I have an antique quilt that I had to retire to the sofa. I used it on my bed for so long that it is beginning to fall apart. I don't think it can handle any more washings.


----------



## Pinky (May 24, 2020)

What a shame! I don't think quilts are meant to be put in washing machines, but, dry-cleaned.


----------



## debodun (May 24, 2020)

MarciKS said:


> Did you use a machine with gentle cycle?



I'm not sure what setting it was. There are only 2 knobs - to set the water level and temperature.


----------



## debodun (May 24, 2020)

Pinky said:


> What a shame! I don't think quilts are meant to be put in washing machines, but, dry-cleaned.


Don't feel too bad, Pinky, I have a closet full of bedspreads.


----------



## Aunt Marg (May 24, 2020)

debodun said:


> I took the quilt (not a valuable antique, thank goodness) that's been on my bed since I had cats, to the laundromat. I put it in the top-loader with plenty of detergent. When I pulled it out, it had turned into a rag and there was stufing all over inside the washer. Most people would have walked away, but feeling responsible, I took the time to clean it up.
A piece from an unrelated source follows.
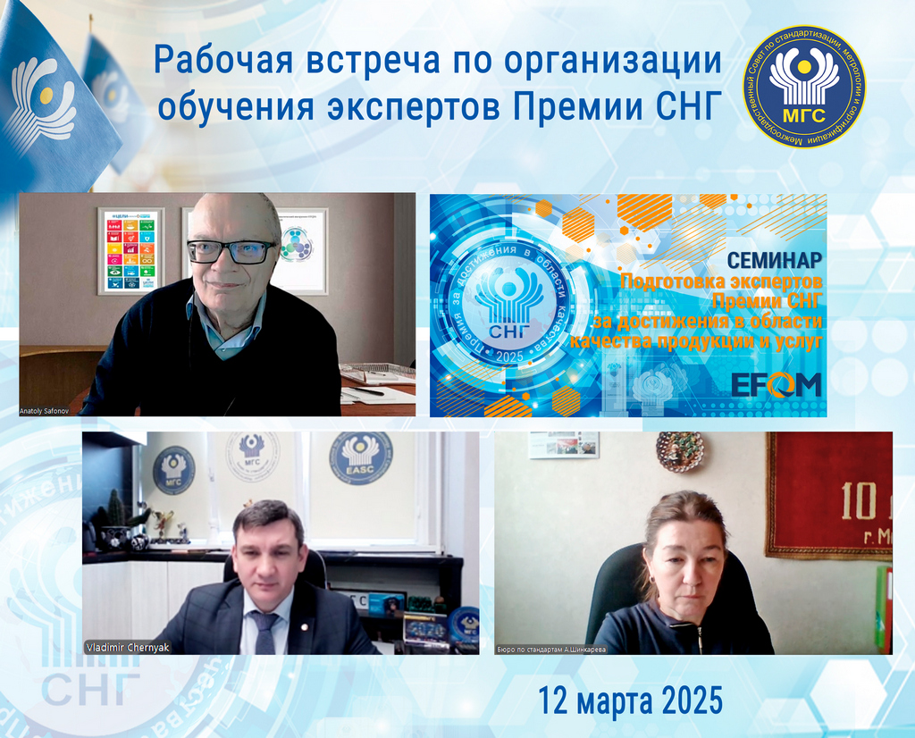 12 марта 2025 года в рамках подготовки к предстоящему обучению экспертов конкурса на соискание Премии Содружества Независимых Государств 2025 года за достижения в области качества продукции и услуг состоялась рабочая встреча Бюро по стандартам с директором АНО «Центр экспертных программ ВОК», членом Правления Всероссийской организации качества Сафоновым Анатолием Александровичем.
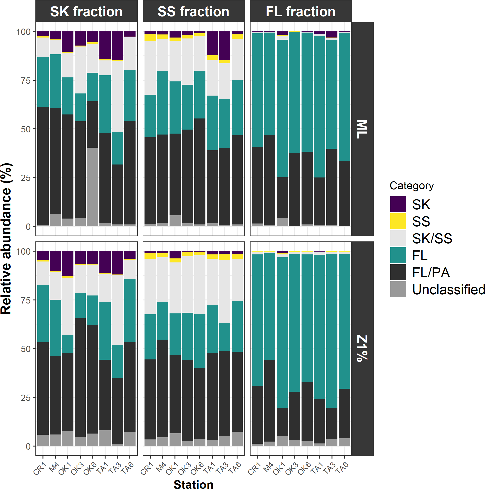 Contributions of the communities in each microhabitat category. Those labeled unclassified are amplicon sequence variants for which differential abundance analysis was not performed because of their infrequency. FL, free-living fraction; SK, sinking-particle fraction; SS, suspended-particle fraction. ML, mixed layer; Z1%, layer at which PAR is 1% of the sea-surface value.

I wish I had known it was going to do that, or I would have just bundled it up and put it in the trashcan.


Was the washing machine that you used a top-loader with an agitator?


----------



## MarciKS (May 24, 2020)

Only 2 settings? Must be some really old machines.


----------



## debodun (May 24, 2020)

Aunt Marg said:


> Was the washing machine that you used a top-loader with an agitator?


Yes.


----------



## Aunt Marg (May 24, 2020)

debodun said:


> Yes.


Agitator washing machines can really wreak havoc on things.


----------



## C'est Moi (May 24, 2020)

debodun said:


> I took the quilt (not a valuable antique, thank goodness) that's been on my bed since I had cats, to the laundromat. I put it in the top-loader with plenty of detergent. When I pulled it out, it had turned into a rag and there was stufing all over inside the washer. Most people would have walked away, but feeling responsible, I took the time to clean it up. I wish I had known it was going to do that, or I would have just bundled it up and put it in the trashcan.


Most people would have walked away??   Sorry, but you were responsible so you should have cleaned it up.  I can't imagine leaving such a mess for someone else to deal with.


----------



## MarciKS (May 24, 2020)

C'est Moi said:


> Most people would have walked away??   Sorry, but you were responsible so you should have cleaned it up.  I can't imagine leaving such a mess for someone else to deal with.


You'd be surprised at the messes some people leave behind.


----------



## Devi (May 24, 2020)

debodun said:


> but feeling responsible, I took the time to clean it up





C'est Moi said:


> Most people would have walked away??   Sorry, but you were responsible so you should have cleaned it up.  I can't imagine leaving such a mess for someone else to deal with.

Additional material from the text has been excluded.